● Data for processing
-=-=-=-=-
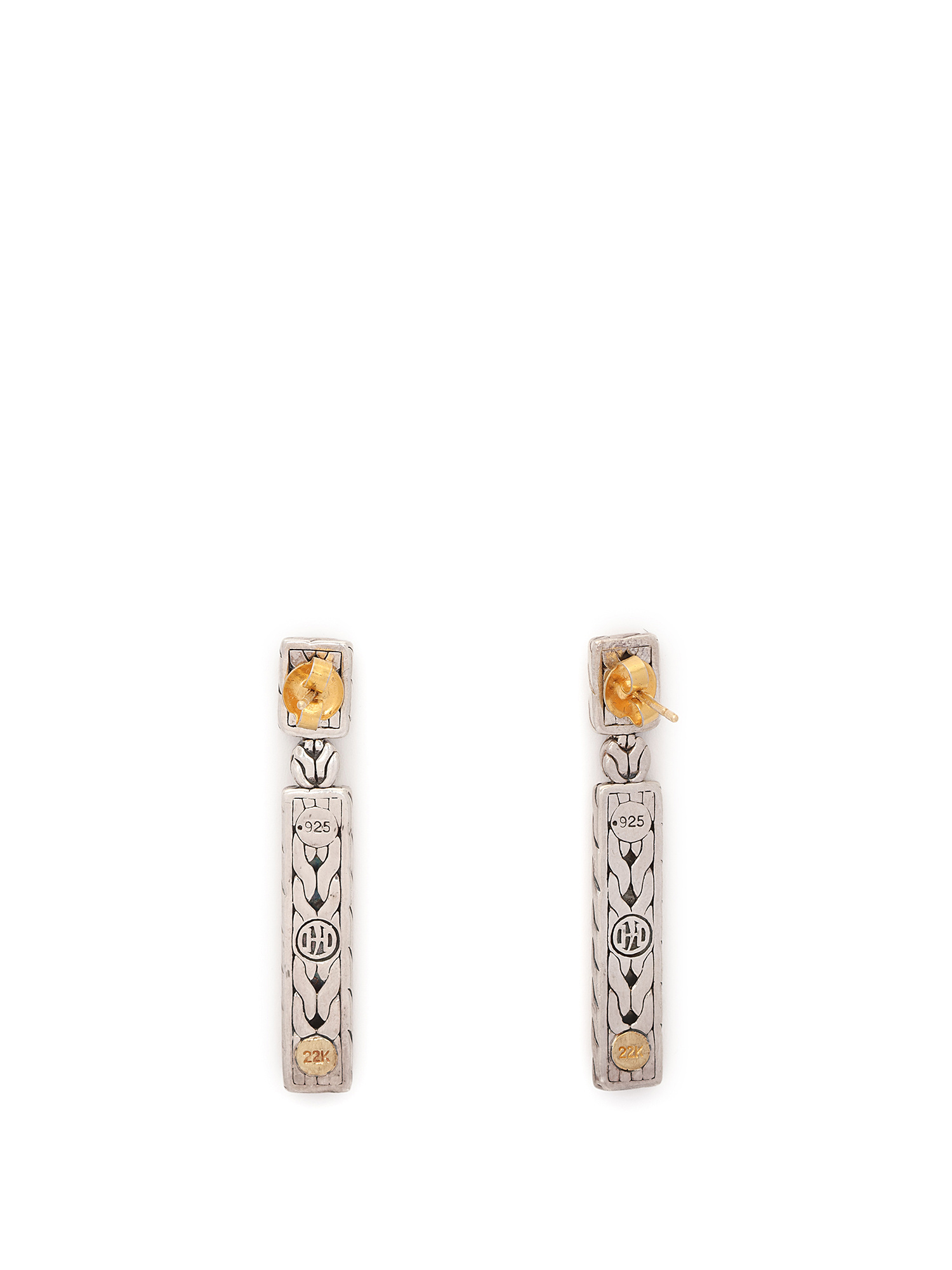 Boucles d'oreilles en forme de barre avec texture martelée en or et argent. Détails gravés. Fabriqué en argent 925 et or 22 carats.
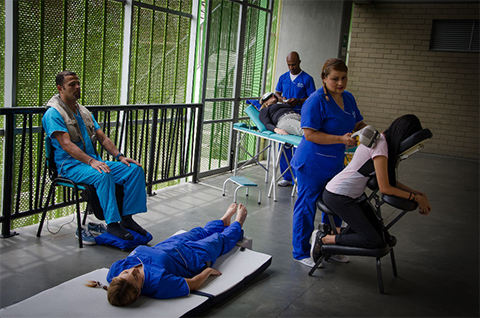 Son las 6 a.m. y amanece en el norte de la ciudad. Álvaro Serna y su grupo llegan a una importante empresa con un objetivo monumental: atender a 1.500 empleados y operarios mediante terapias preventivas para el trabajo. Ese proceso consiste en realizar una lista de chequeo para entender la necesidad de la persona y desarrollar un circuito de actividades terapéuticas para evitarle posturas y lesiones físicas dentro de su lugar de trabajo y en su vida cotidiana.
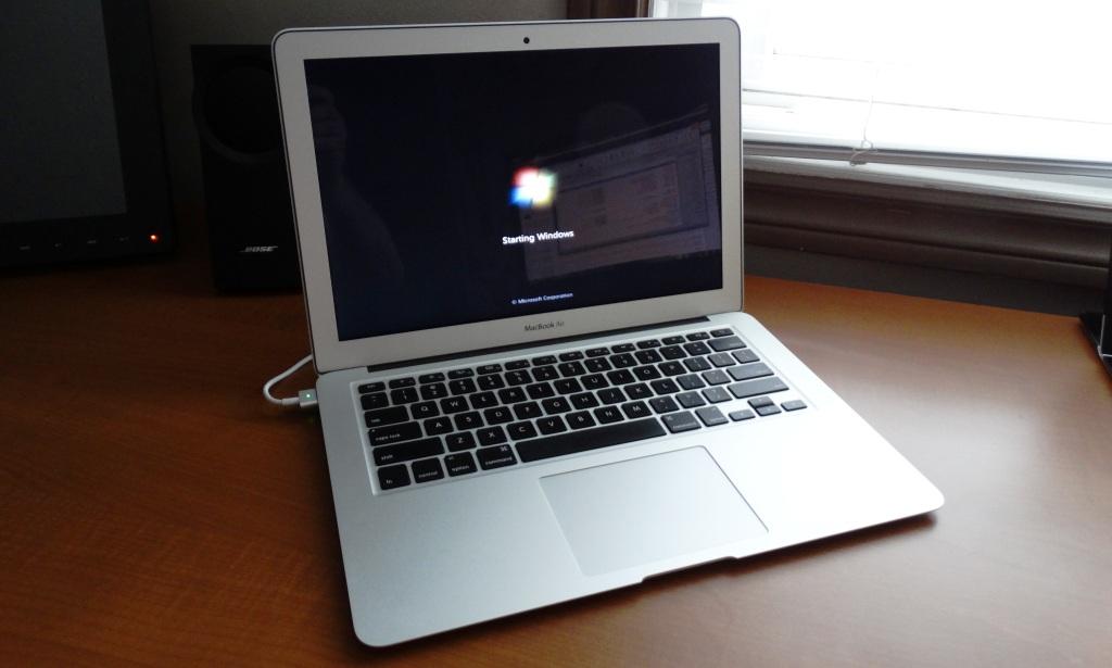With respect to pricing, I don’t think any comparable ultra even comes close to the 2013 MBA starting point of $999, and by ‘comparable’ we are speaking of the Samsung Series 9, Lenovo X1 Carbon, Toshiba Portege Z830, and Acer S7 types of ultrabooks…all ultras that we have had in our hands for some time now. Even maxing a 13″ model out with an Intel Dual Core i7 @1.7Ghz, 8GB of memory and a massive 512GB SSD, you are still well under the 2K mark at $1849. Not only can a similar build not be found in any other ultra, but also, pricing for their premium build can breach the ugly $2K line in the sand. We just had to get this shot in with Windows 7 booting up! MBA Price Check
-=-=-=-=-
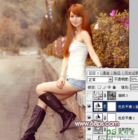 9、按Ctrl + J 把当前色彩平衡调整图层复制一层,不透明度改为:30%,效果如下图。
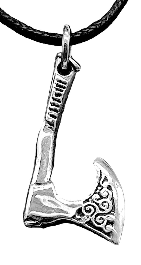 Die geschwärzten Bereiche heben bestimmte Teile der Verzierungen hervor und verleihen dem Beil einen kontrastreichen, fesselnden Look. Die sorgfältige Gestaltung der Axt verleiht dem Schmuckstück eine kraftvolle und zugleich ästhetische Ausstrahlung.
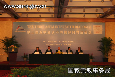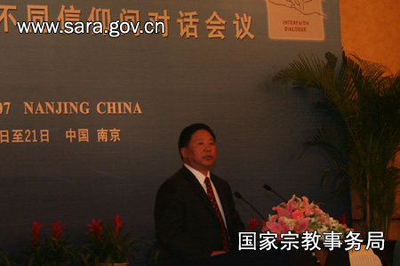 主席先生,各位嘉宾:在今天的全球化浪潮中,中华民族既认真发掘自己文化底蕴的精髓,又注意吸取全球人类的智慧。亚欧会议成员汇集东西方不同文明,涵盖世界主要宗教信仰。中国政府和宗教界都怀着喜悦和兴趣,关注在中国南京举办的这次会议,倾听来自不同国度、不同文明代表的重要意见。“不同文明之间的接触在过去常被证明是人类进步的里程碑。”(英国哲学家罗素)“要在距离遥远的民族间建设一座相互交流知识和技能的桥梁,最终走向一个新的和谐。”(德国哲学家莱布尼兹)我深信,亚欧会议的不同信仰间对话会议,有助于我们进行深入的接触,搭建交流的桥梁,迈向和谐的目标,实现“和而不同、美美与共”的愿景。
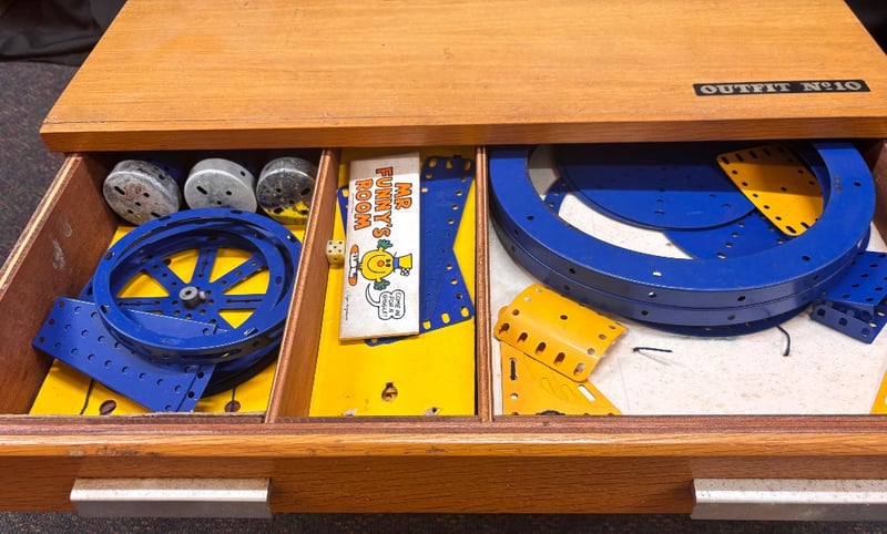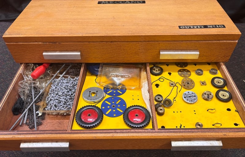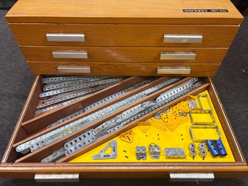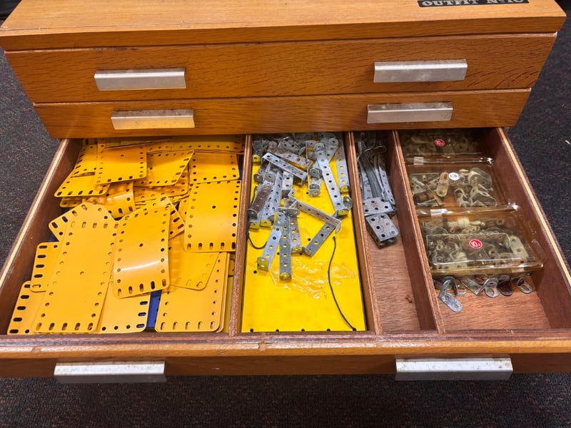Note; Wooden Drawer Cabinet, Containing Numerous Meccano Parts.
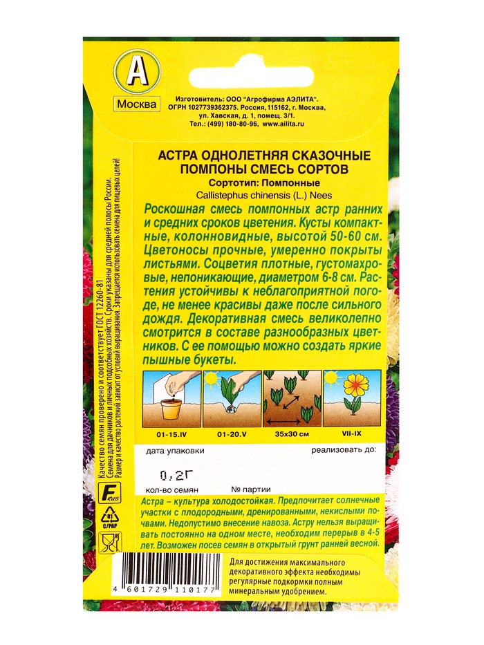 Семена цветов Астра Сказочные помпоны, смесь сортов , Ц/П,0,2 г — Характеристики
-=-=-=-=-
● Exercise aim
Look through the listing above for the line with "Boucles d'oreilles en" and the line with "With respect to". Write out exactly those lines and everything between, leaving out pictures.

● Task output
 Boucles d'oreilles en forme de barre avec texture martelée en or et argent. Détails gravés. Fabriqué en argent 925 et or 22 carats.
 Son las 6 a.m. y amanece en el norte de la ciudad. Álvaro Serna y su grupo llegan a una importante empresa con un objetivo monumental: atender a 1.500 empleados y operarios mediante terapias preventivas para el trabajo. Ese proceso consiste en realizar una lista de chequeo para entender la necesidad de la persona y desarrollar un circuito de actividades terapéuticas para evitarle posturas y lesiones físicas dentro de su lugar de trabajo y en su vida cotidiana.
With respect to pricing, I don’t think any comparable ultra even comes close to the 2013 MBA starting point of $999, and by ‘comparable’ we are speaking of the Samsung Series 9, Lenovo X1 Carbon, Toshiba Portege Z830, and Acer S7 types of ultrabooks…all ultras that we have had in our hands for some time now. Even maxing a 13″ model out with an Intel Dual Core i7 @1.7Ghz, 8GB of memory and a massive 512GB SSD, you are still well under the 2K mark at $1849. Not only can a similar build not be found in any other ultra, but also, pricing for their premium build can breach the ugly $2K line in the sand. We just had to get this shot in with Windows 7 booting up! MBA Price Check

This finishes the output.